The most important sentence in a written piece is the first sentence. So, yes, I just used the most important sentence to tell you that it is the most important sentence.

That’s because I still haven’t come up with a way to start this blog, other than I’m simply proud of my wife. Yesterday while I sat on my rear, eating a cup of fries (they actually serve them in paper cones) and washing those fries down with a couple of Belgian brews, Jenna was participating — nay, she was competing — in a 10-mile run. And this is just the first of two warm-ups for a 20k (about 12.5 miles) she’ll run at the end of May.

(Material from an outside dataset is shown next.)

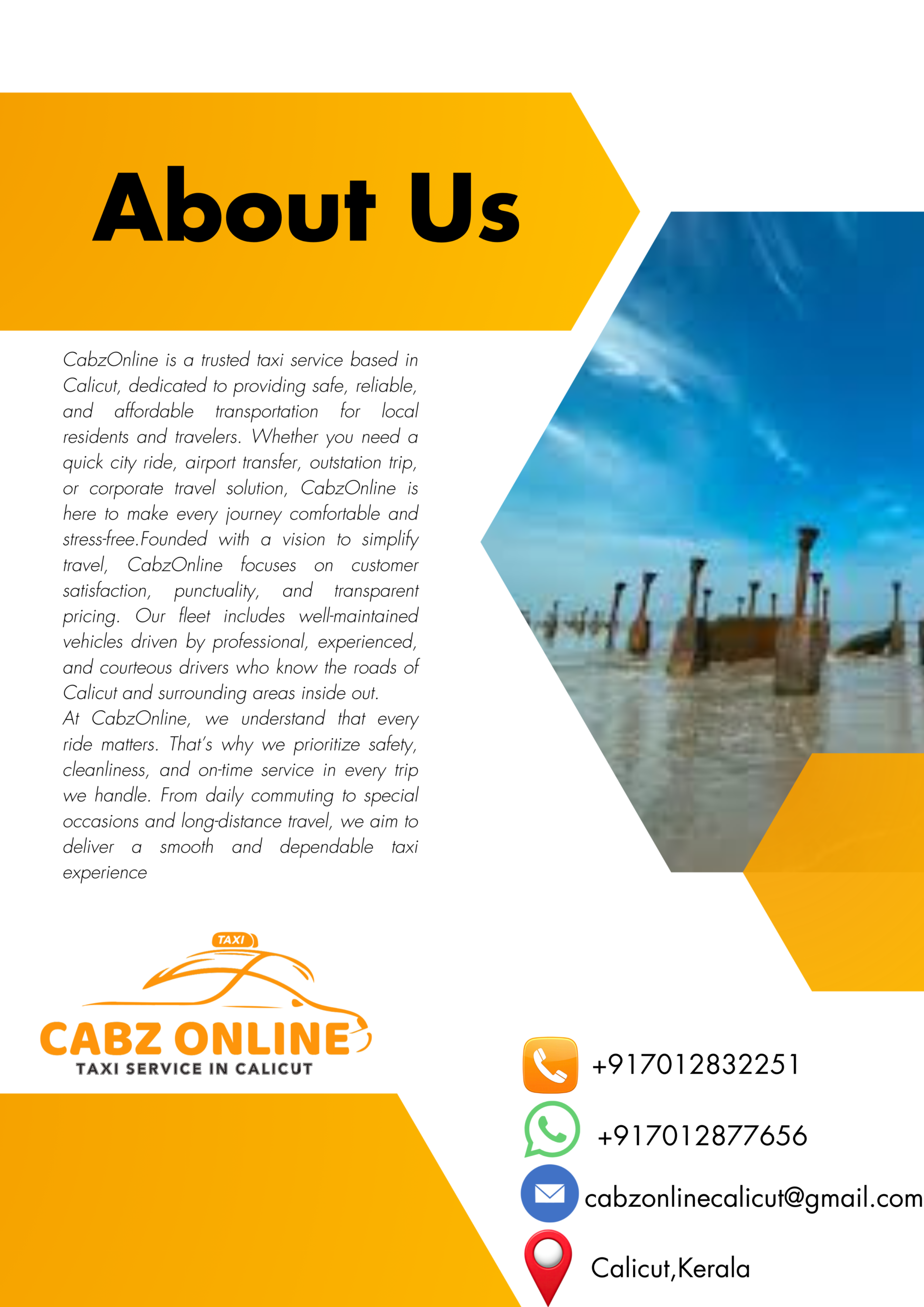 CabzOnline Taxi Service provides reliable, affordable, and 24/7 taxi services in Calicut (Kozhikode) and surrounding areas. We specialize in airport taxi services, railway station pickups, local city travel, and outstation cab services across Kerala. Our professional drivers, clean and well-maintained vehicles, and on-time service ensure a safe and comfortable journey every time. Whether you need a quick local ride or a long-distance trip, CabzOnline offers prompt booking and transparent pricing. Call or Whatsapp for instant taxi booking in Calicut and Kozhikode.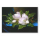 "Giant Magnolias on a Blue Velvet Cloth" pintado por Martin Johnson Heade em 1890; óleo na canvas; National Gallery of Art, Washington. Martin Johnson Heade, 1819 - 1904, foi um prolífico pintor americano conhecido por suas paisagens salgadas de pântano, paisagens temperadas, retratos de aves tropicais e ainda vidas. Seu estilo e matéria de pintura, embora derivada do romantismo da época, é considerado pelos historiadores da arte como um desvio significativo do de seus pares.

Yesterday afternoon we drove to Antwerp, a city known for its diamond district about 40 minutes north of Brussels, for the annual Antwerp 10 Mile. (The name is kind of ironic — Belgium and Europe use the metric system, yet they called this event the “10-mile” run, whereas in the states we don’t use the metric system, but we call our runs 5Ks, 10ks, etc.)

While Jenna did her research, I had no idea the run would be so enormous. She was one of 15,000 runners, and that’s just in the 10-miler. Thousands more ran the marathon and the ladies’ fun run, two words that I still think are mutually exclusive.

Always the planner, Jenna made sure we were on time for the event (i.e. three hours early). Nevertheless, when Jenna made her way to the starting line, she was still near the very back of the pack. After she got her place in line, I walked to the starting line hoping to get some photos (below) of her at the starting line.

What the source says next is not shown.